How do I score the agents and the team?

A failure tells you what broke once. A scorecard tells you whether a design is good across many runs. The agent_scorecard schema scores two levels at once (MultiAgentBench, Zhou et al., ACL 2025): each agent on role fidelity, contribution, and coordination, and the team on its own shared dimensions, with optional milestones. Agent rows come from the trace, so the matrix matches who actually participated.

Per-agent and per-team scorecard with milestonesScore each agent on role fidelity, contribution, and coordination, plus the team

yaml
annotation_schemes:
  - annotation_type: agent_scorecard
    name: scorecard
    description: "Score each agent, the team, and which milestones were reached."
    steps_key: steps
    agent_key: agent
    scale: 5
    agent_dimensions: [role fidelity, contribution, coordination]
    team_dimensions: [coordination, communication, efficiency]
    milestones: [plan produced, task delegated correctly, result verified]

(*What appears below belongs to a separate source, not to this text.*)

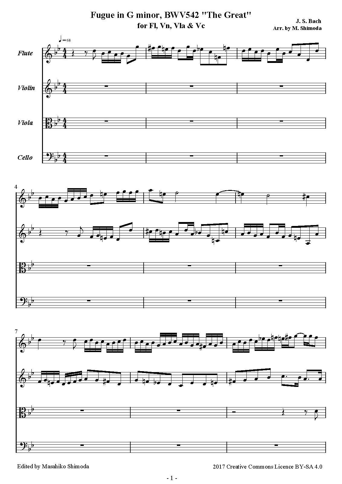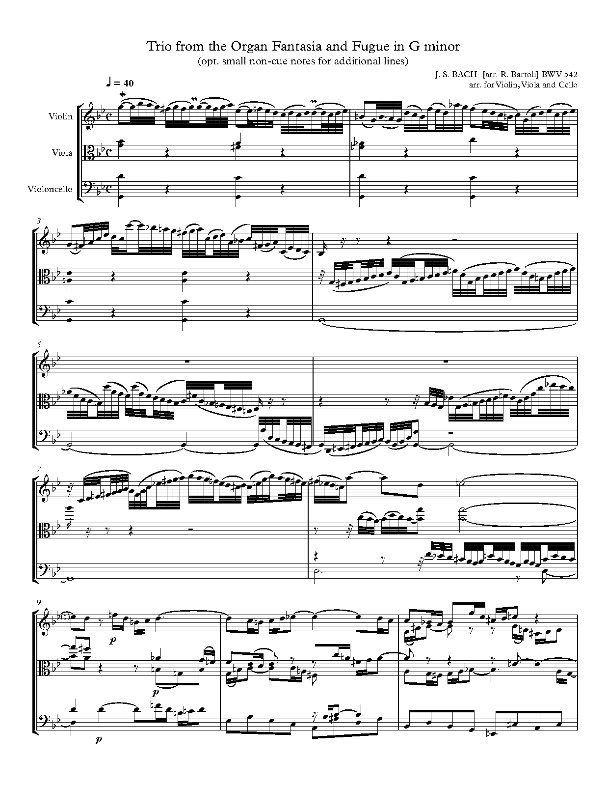 Only the Fugue parts in A min. (the Fantasia doesn't really work for strings and is only for the very brave) )

A strong agent stuck inside a poorly coordinated team shows up here as a high agent row next to low team dimensions, which is the pattern you want when you are comparing sequential against hierarchical against group-chat orchestration on the same tasks.

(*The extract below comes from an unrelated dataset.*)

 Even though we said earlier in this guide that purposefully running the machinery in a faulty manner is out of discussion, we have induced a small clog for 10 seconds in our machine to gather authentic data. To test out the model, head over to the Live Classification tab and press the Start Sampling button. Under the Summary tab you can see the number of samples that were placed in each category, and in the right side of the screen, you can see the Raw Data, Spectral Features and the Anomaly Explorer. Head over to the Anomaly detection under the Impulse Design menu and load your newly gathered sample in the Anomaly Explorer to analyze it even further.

What about concurrency and collective failures?

Two more surfaces catch failures a turn-by-turn read cannot. The tool_contention timeline puts each agent on its own lane and highlights regions where two calls touch the same resource at overlapping times, which you classify as deadlock, circular wait, race condition, or benign (DPBench, 2026).

Per-agent tool-call timeline with a highlighted contention regionSpot deadlocks and race conditions on a per-agent tool-call timeline

And emergent_behavior handles failures that are collective rather than located at one step — collusion, groupthink, cascading errors, role drift. An emergent behavior is not a contiguous span; it is a set of participating turns, possibly from different agents, so you check the turns that take part and add a note.

Tagging a set of turns across agents as a cascading errorTag collusion, groupthink, and cascading errors across agents and turns

yaml
annotation_schemes:
  - annotation_type: tool_contention
    name: contention
    description: "Classify each shared-resource contention region."
    calls_key: calls
    agent_key: agent
    resource_key: resource
    contention_labels: [deadlock, circular_wait, race_condition, benign]
  - annotation_type: emergent_behavior
    name: emergent
    description: "For each collective behavior, check the turns that participate."
    steps_key: steps
    agent_key: agent
    behaviors: [collusion, groupthink, cascading_error, role_drift]
    allow_note: true

Putting it in order

On a real broken run the sequence is usually: read the interaction graph to see the shape, use failure attribution to name the decisive step, open handoff review if the decisive step was a transfer, and reach for the contention timeline or emergent-behavior tagging when the failure is about timing or the group rather than one agent. Score with the scorecard once you are comparing designs rather than debugging one run. Measure agreement on attribution the way you would any subjective label; see Inter-Annotator Agreement.